Spirit Sisters came into being in 2006, and continues to the present day to meet the spiritual needs of the women of our church. In addition to their spiritual quest, they also model the qualities of caring connections, common to all women’s groups included in this reflection. Spirit Sisters also have prepared/led an annual church service for over a decade, usually offered in late May – the first service they led is how the church ended up with the gift of the artistic paintings in the Welcome Centre by Janice Swaren – women who followed Jesus. 

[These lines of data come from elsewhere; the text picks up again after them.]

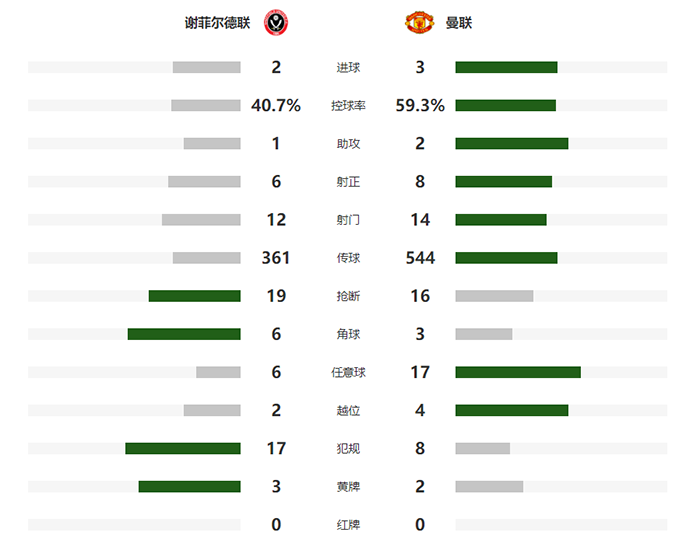 未上场替补:1-德赫亚、17-弗雷德、23-卢克-肖、21-丹尼尔-詹姆斯
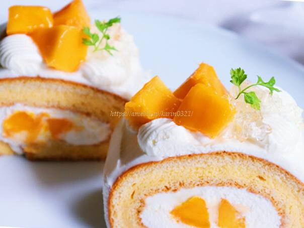 最高級のマンゴーと言われる宮古島産のマンゴーを贅沢につかったママンこだわりのロールケーキ♪
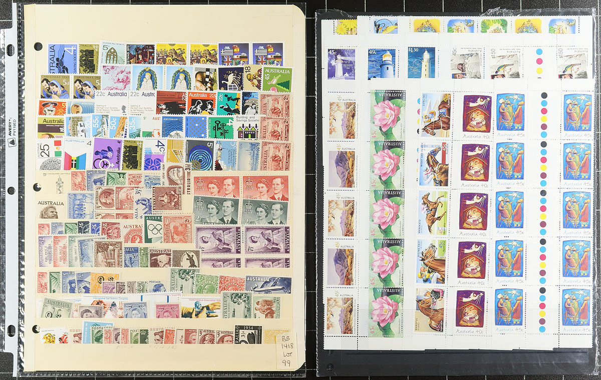 Lovely collection / accumulation of mint Australia, 1930's-2002, containing many hundreds of stamps in several stock pages. The lot generally ranges from Scott #147/2050a, noting singles, sets, partial sets, blocks and gutter blocks, booklets and panes, souvenir sheets, etc. A spot check indicated a few items cataloguing $10 and up including #147-149 (mh. $55 total), with owner's 2013 Scott catalogue value for the lot totaling $1,259.00 ($1699.55 CDN). Face value alone would be a few hundred dollars. A nice clean lot for collector and dealers alike, with a mix of hinged and never hinged material, clean and very fine. Estimate =
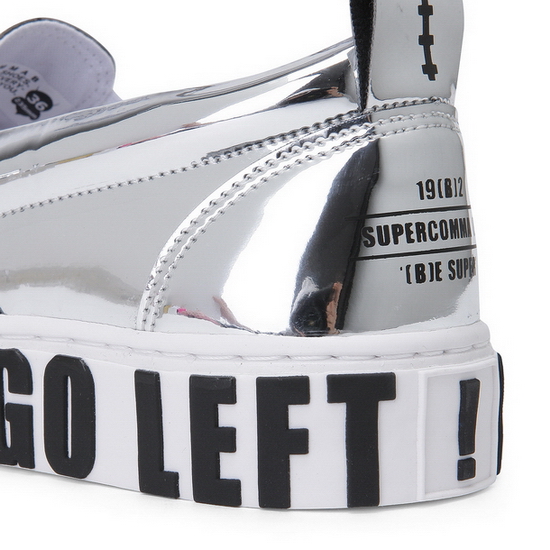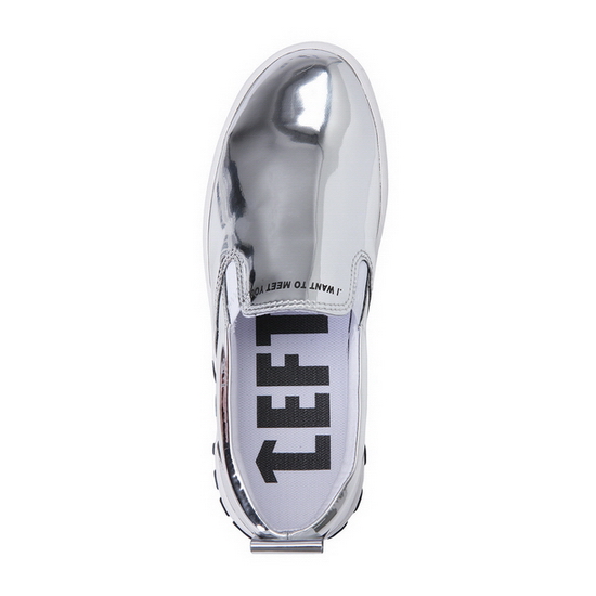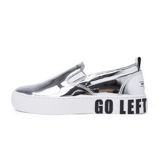 - 메탈릭 소재로 유니크한 공용 슬립온.

In that same spirit of caring and connection, other groups have formed in earlier years as circumstances presented themselves. Mourning Glories was a group of women, recently bereaved, who, with some guidance and support from each other and female ministry staff, found their way through their loss.

Similarly, a group calling themselves The Oasis Group supported working women in navigating through the challenges associated with working and family life.

It is likely that, moving into the future, women will join together as needs and circumstances change in order to support each other and to make a contribution to church life.

Women working together at Edith Rankin, with stunning consistency through the years since 1962, have been faithful to their mission of caring for and supporting one another. Building on this robust base of fellowship, the women of Edith Rankin have served and continue to serve both their congregation and their community with distinction. They are deeply loved and respected for their efforts and are deserving of a generous expression of gratitude from the congregation.

Acknowledgements

Thanks to the following women for assistance in the writing of this brief account:

  • Margaret Merkley, for help with documenting recent happenings in our UCW.
  • Betty Jeanne Kippen, for notes on the history of UCW at Edith Rankin.
  • Jean Stairs, for her book, Soul sisters, Re-imagining Women’s Groups, a blessing for this writing project.